Emily Yeomans is determined to build positive relationships with her future students as a math teacher.

“I am passionate about teaching because of the educators who invested their care and respect into me,” Yeomans says.

She says she plans to pay it forward by relating to her future students with care and respect to help them reach their full potential in the classroom and beyond.

“I have seen and felt the impact that this makes in my life and students' lives,” Yeomans says. “These positive relationships give us the power to have a growth mindset and a desire to engage with mathematics, empowering us as learners and cultivating our full potential with and beyond our mathematics classroom community.”

Yeoman says her professors in the UI College of Education and the College of Liberal Arts and Sciences inspired her to reach outside her comfort zone and take on new experiences such as student teaching in Texas and with her coursework such as her computer science minor.

Originally from Crystal Lake, Illinois, Yeomans is now a graduating senior from the University of Iowa College of Education. She will graduate in May with a Bachelor of Arts in math education, a Bachelor of Arts in math, and a minor in computer science after completing her student teaching at Davis Ninth Grade School in the Aldine Independent School District in Houston, Texas.

After the winter storm in Texas, Yeomans had the opportunity to take initiative and create a campus-wide survey to support students emotionally and gather data to support those who lost power or water.
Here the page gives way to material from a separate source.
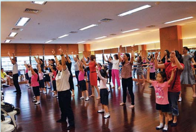
▲ Modern Dance EEP - Dancing with the parents

Through the EEP program, students were glad to be able to develop their love of music, sports, science and cooking that they did not find in their regular classes.
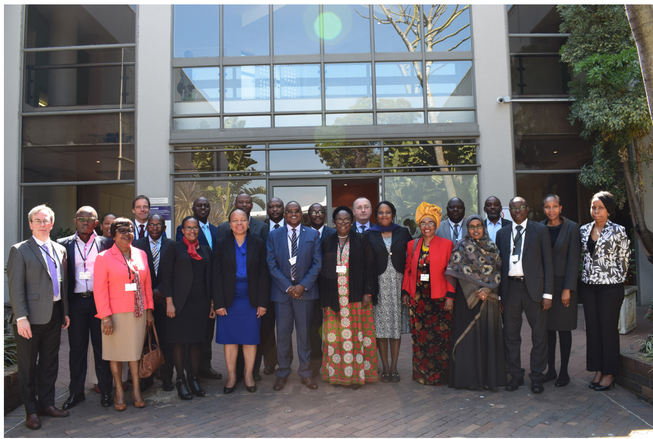
Representatives from different organizations that attended the Steering Committee meeting in September 2017

“This devastating storm amplified the need for positive student-teacher relationships and family-teacher relationships,” Yeomans says. “Listening to students’ concerns, needs, and experiences has been vital. I have really enjoyed focusing on the importance of building positive relationships with students throughout my student teaching experience.”

Yeomans has also been selected as the student speaker for the College of Education’s Undergraduate Virtual Commencement and Teacher Education Program Recognition Ceremony on Thursday, May 13, at 4 p.m.

After graduation, Yeomans plans to become a teacher in Cincinnati, OH. She wants to build caring and respectful relationships with students, colleagues, and community members. This summer she will be working with under-resourced middle school students at Breakthrough Cincinnati.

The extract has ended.